Recorded information

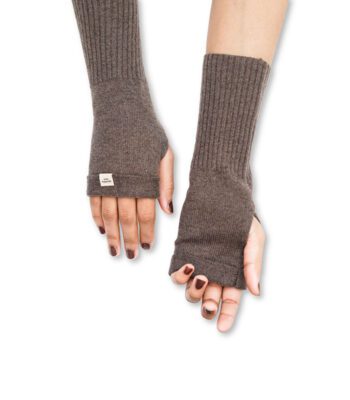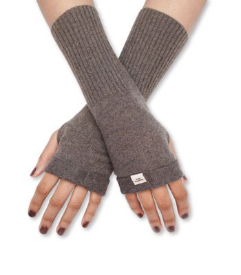 Flexible, soft cashmere gloves in a neutral taupe shade, derived from discarded jumpers for everyday comfort and effortless wear.
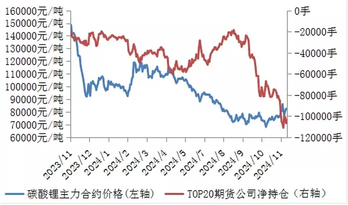 伴随锂价上涨,国内主力扩大空头敞口规模。11月20日,碳酸锂持仓量TOP20期货公司持有净空头102968手,上月同期持有净空头70798手,空头敞口进一步扩大,保持较高规模空头敞口。
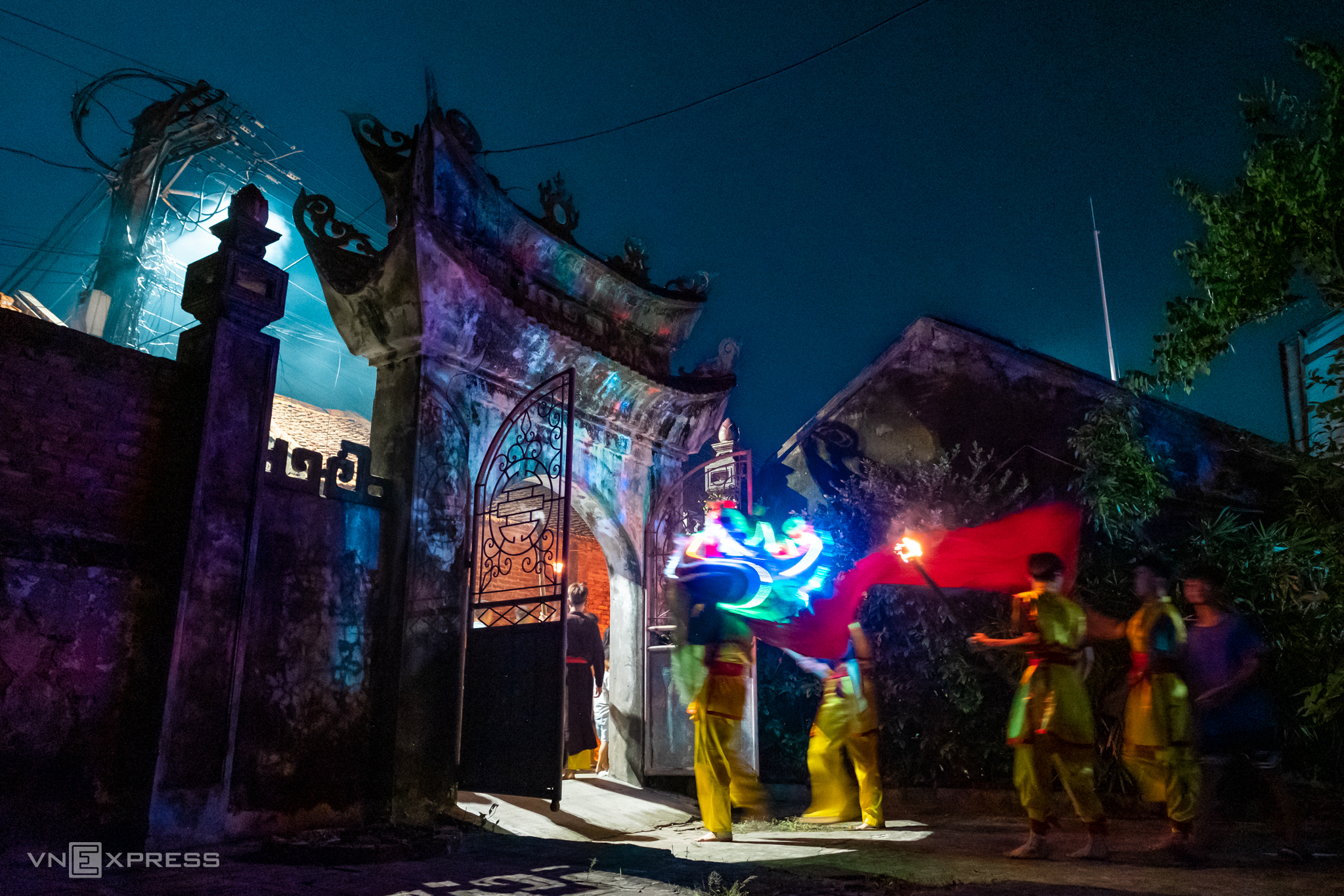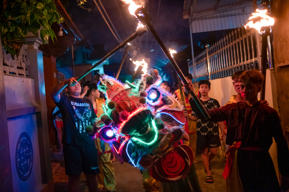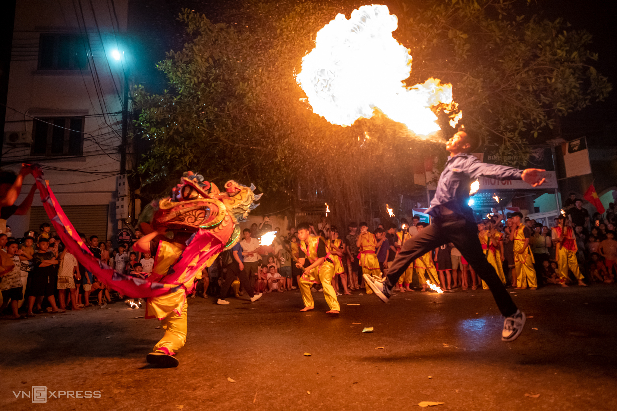 Hàng chục thanh niên thôn Cao Hạ, xã Đức Giang, huyện Hoài Đức múa lân, thổi lửa, đi vòng quanh làng, khuấy động không khí đêm Trung thu truyền thống.

Your objective
Write out again, word for word, only the lines from the one with "伴随锂价上涨,国内主力扩大空" through the last line of the material, and omit each picture.

Answer to this exercise
 伴随锂价上涨,国内主力扩大空头敞口规模。11月20日,碳酸锂持仓量TOP20期货公司持有净空头102968手,上月同期持有净空头70798手,空头敞口进一步扩大,保持较高规模空头敞口。
 Hàng chục thanh niên thôn Cao Hạ, xã Đức Giang, huyện Hoài Đức múa lân, thổi lửa, đi vòng quanh làng, khuấy động không khí đêm Trung thu truyền thống.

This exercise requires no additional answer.